An exhibition by Damon Rich
A project of the Center for Advanced Visual Studies and the Center for Urban Pedagogy (CUP)
Organized for the MIT Museum Compton Gallery by Laura Knott, Don Stidsen and Gary Van Zante


The American preference for traditional residential design masks a frightening reality: across the globe, individual buildings have been retrofitted to serve as interchangeable nodes in a vast abstract structure, held loosely together by legal and political restraints, made to allow the furious circulation of finance capital.

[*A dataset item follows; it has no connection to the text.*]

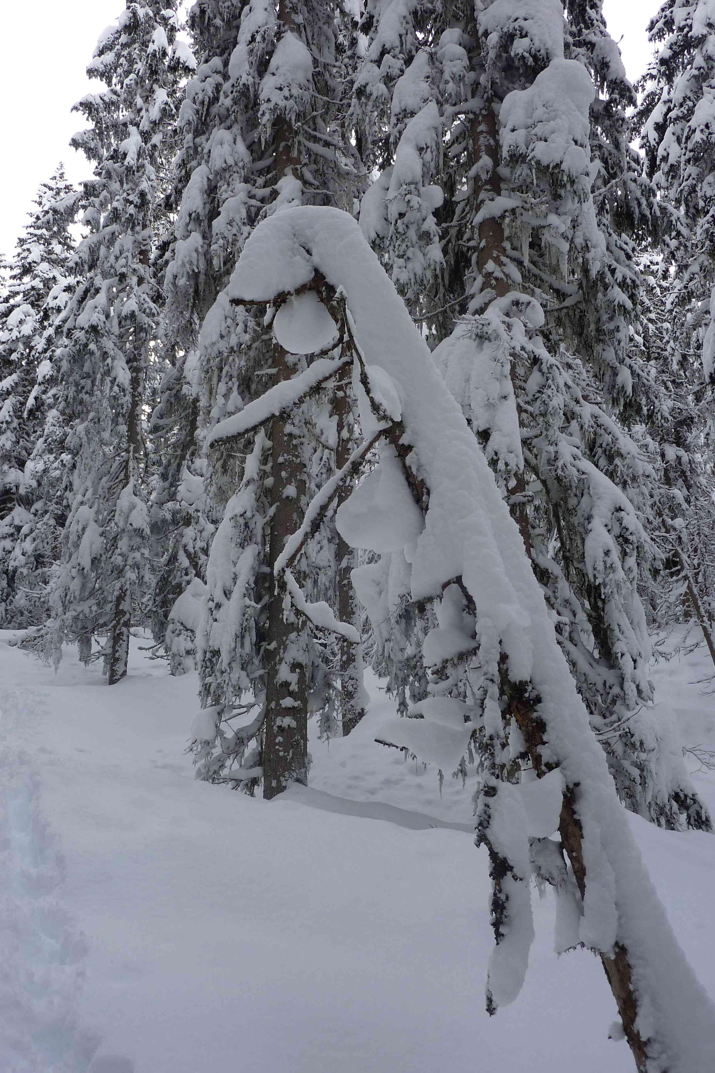 Die Schneemassen beim Aufstieg haben mich schon an einen Abfahrtsk(r)ampf denken lassen. Weil meine Tiefschneekünste nicht so berauschend sind und mein marodes Knie auch nicht allzuviel von dem prachtvollen Weiß mag.

An installation of models, photographs, videos, and drawings, Red Linesimmerses visitors in a landscape of pulsing capital and liquidated buildings, exploring the relation between finance and architecture.

During a year-long residence at MIT’s Center for Advanced Visual Studies, designer Damon Rich, founder of the Center for Urban Pedagogy (CUP), surveyed the darkening realm of real estate markets: foreclosures, pro-formas, chains of title, block busting, exploding ARMs, and the obscure history of the mortgage, Old French for death vow.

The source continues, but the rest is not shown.